Green Garden Dreams

The Joy of San Diego Vegetable Gardening

The Ebb & Flow Method of Hydroponics


Soil is very complex. It’s an entire living community, forming a whole web, with trillions of microorganisms such as bacteria, fungi, as well as worms and arthropods (insects etc.) that break down the organic material, in concert with the enzymes from the roots of plants, to convert it to nutrients like Potassium, Phosphorus and Nitrogen. These basic elements are absorbed as ions, via water, by plant roots.

All plants need 17 elements to grow. They are:

Macronutrients derived from air: Carbon (C), Hydrogen (H), and Oxygen (O),

Macronutrients derived from ions in the soil, Nitrogen (N), Phosphorus (P), Potassium (K), Sulfur (S), Calcium (Ca), and Magnesium (Mg),

Micronutrients derived from ions in the soil, Boron (B), Chlorine (Cl), Copper (Cu), Iron (Fe), Manganese (Mn), Molybdenum (Mo), Nickel (Ni), and Zinc (Zn).

Elements derived from the atmosphere are from the plants breathing via leaves and roots. Plants breathe in CO2, Carbon dioxide, and through the miracle of using sunlight, water, chlorophyll, turn it into food, such as sugars and starches (carbohydrates) and proteins for themselves and animals. Plants however cannot directly utilize Nitrogen, which is needed to make proteins and amino acids and countless other chemicals found in plants.
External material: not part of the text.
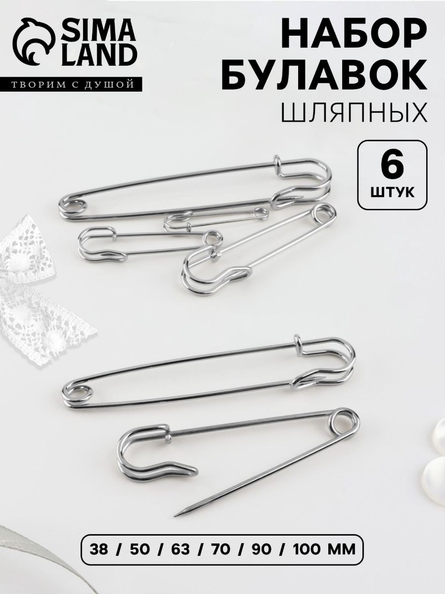 Набор булавок шляпных, 6 шт, цвет серебряный
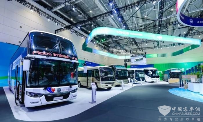 近年来,中通客车以品质为基,以创新为翼,赋能品牌升级,海外市场佳绩频传,全球竞争力稳步提升。活动现场,中通客车旗下11款精品车型一同亮相,覆盖城市公交、旅游客运等细分领域,全面展现中通智造前沿科技及绿色理念,为全球合作伙伴献上一场"精彩大秀"。

Organic material such as wood and dead leaves contains Nitrogen and other basic elements, but they cannot be absorbed directly by plants: they need the help of fungi, bacteria and other consumers to process dead plant, animal and minerals and turn them into plant food for green plants. Complex substances from dead plants and animals like proteins and fibers have to be broken down with the help of this community of organisms to make those bound-up elements available to green plants. It turn, the green plants provide food for the community in the soil (and on land and air!) in a continuous cycle of living metabolic activity, powered by cosmic energy from our star the Sun.

In hydroponics, we are in a sense short-circuiting this process, taking a direct approach and giving plants those nutrients, and only those nutrients, those ions in water directly, and abundantly.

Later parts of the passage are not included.